With all of this has come the highest level of backcountry education and preparedness, because let’s remember, these aren’t groomers he’s riding, ski patrol isn’t out there, and there isn’t a cozy lodge waiting at the bottom. “By changing the rules, the game changes drastically, and in many ways intensifies dramatically. It’s very important moving forward to show people what were getting into, and bringing an educational value to it as well is just as important. Because this whole movement is sending a lot more people out there, and without education it’s a dangerous place.” Jones himself will be the first to admit that in the past two seasons he has backed down from more stuff than ever before, “I turned away from a lot of lines throughout this whole experience, which is really hard after you put in so much work.”

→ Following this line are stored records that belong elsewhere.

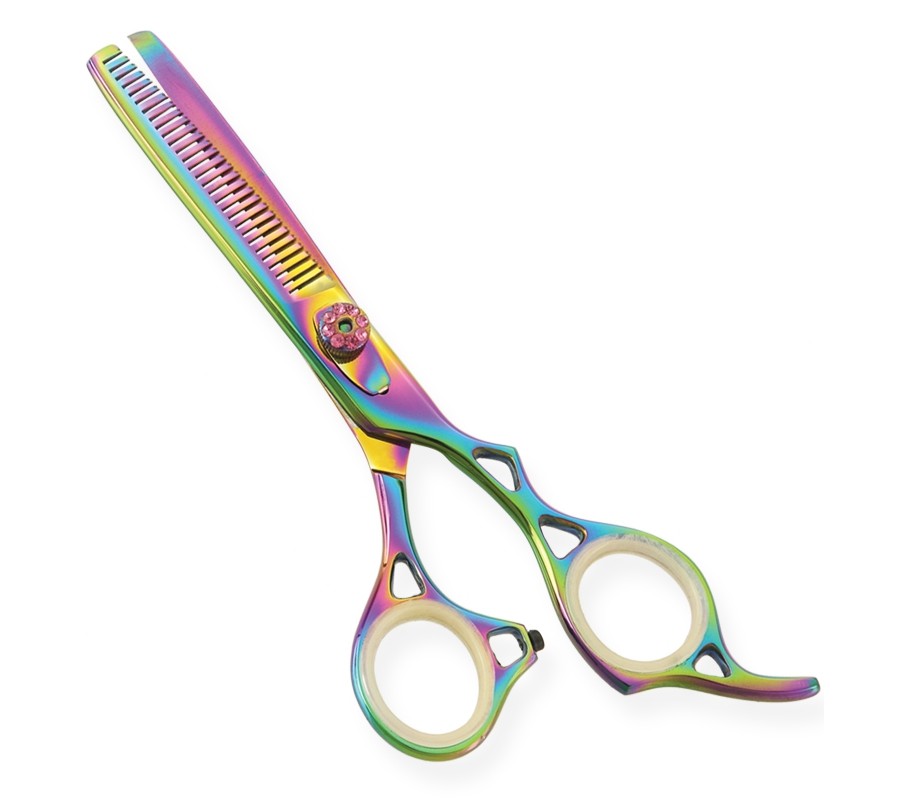 Professional Razor Edge Titanium Coated Thinning Scissor, Movable Screw with Fixed Finger Rest. Available Sizes. 4 in, 4.5 in Details. Razor Edge thinning scissors made of Japanese stainless steel J/2 - 420, HRC° (hardness) 52° - 55°. Also available in 440C HRC° (hardness) 60° - 65°. Available in fix, limitation, adjustable and hand adjustable screws with and without leaf spring.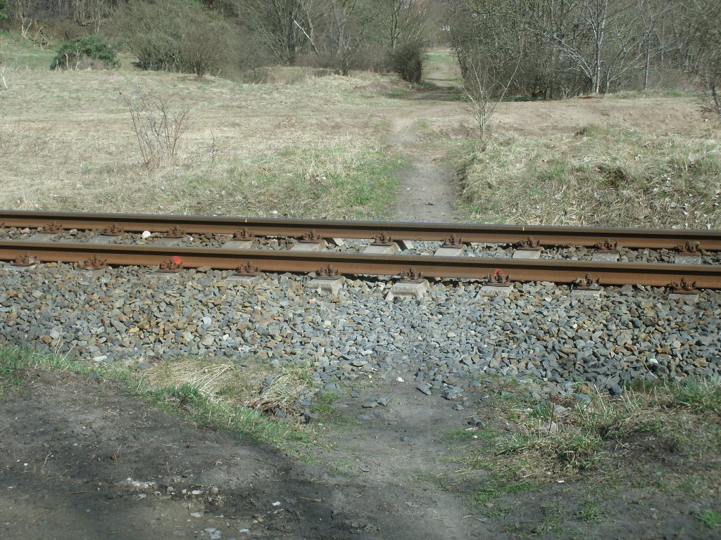 Illegaler Bahnübergang an der Strecke Bergen/Rügen-Lauterbach Mole bei Bergen/Rügen am 04.April 2011,der schon jahrelang als Abkürzung genutzt wird.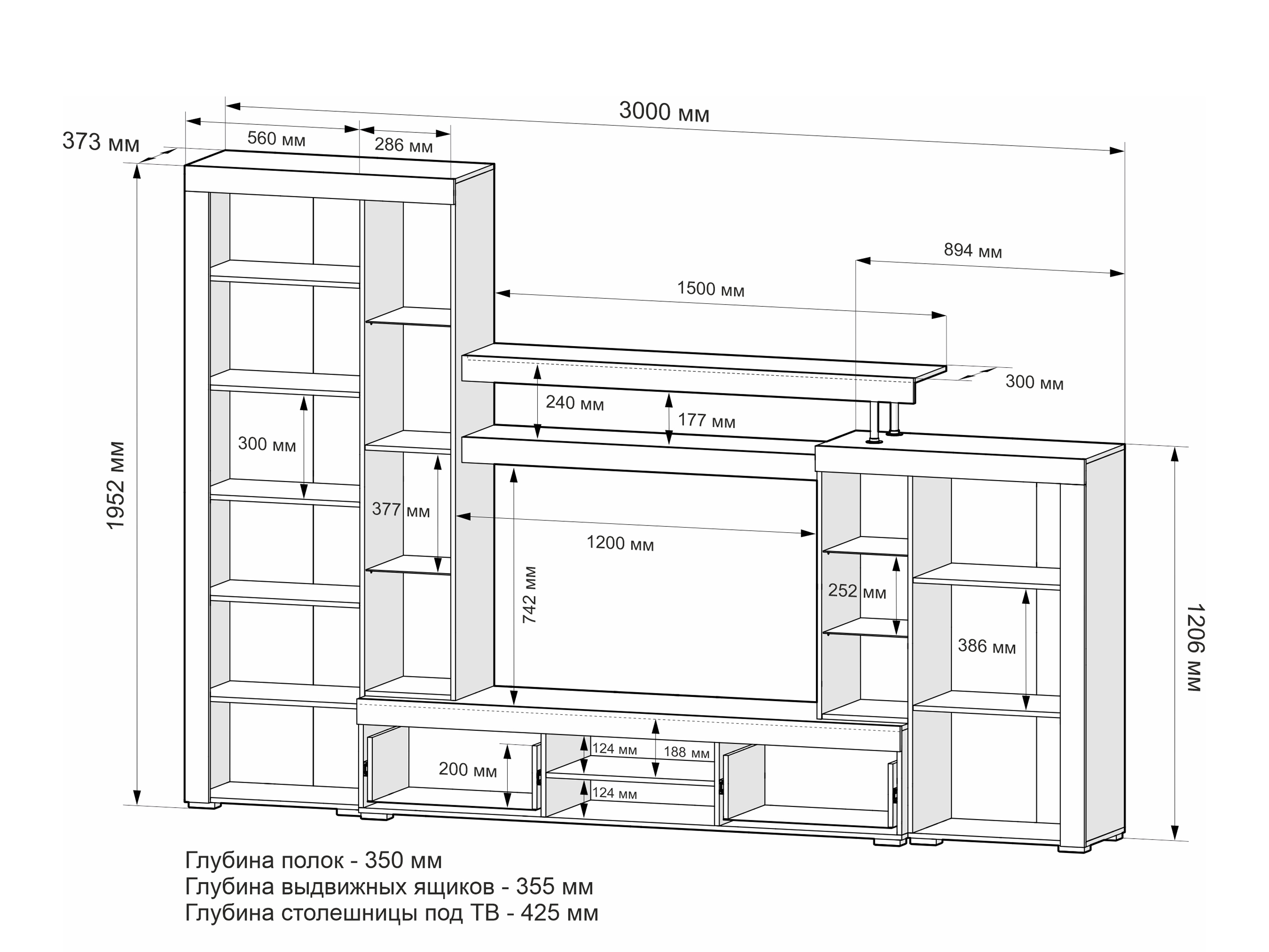 Габариты ниши под ТВ: 120 х 74,6 х 42,8 см

Jeremy speaks with a confidence and knowledge that you just don’t come across every day. He uses terms like “full on” and “frickin’ stoked” as though they are just as technical and precise terminology as the rest of his educated backcountry semantics. What he’s after is very clear, even if you don’t get exactly what he is talking about. One thing is certain though: Jeremy Jones is more wound up on snowboarding than he has been in a long time.

“The cool thing is that in the past two years I have learned more than maybe ever in snowboarding. So that alone keeps it exciting. It’s keeping me hungry. When it comes down to it you have to ask yourself, ‘What keeps you amping on the sport?’ And it’s so obvious that what I am doing now allows that.”

By immersing himself in the mountains he is set on conquering, Jones has spelled out without a hint of confusion that for him, the journey in itself is the reward. Yet one can surmise that there is a certain element of pride that drives Jeremy in his quest. By doing this on his own two feet, when what he calls “The Trophy Line” is still shedding slough as he races to the glacier below, the culmination of all that he has worked so patiently on pays double in cold, hard glory. Proving once more the theory that pancakes may very well be the secret to longevity.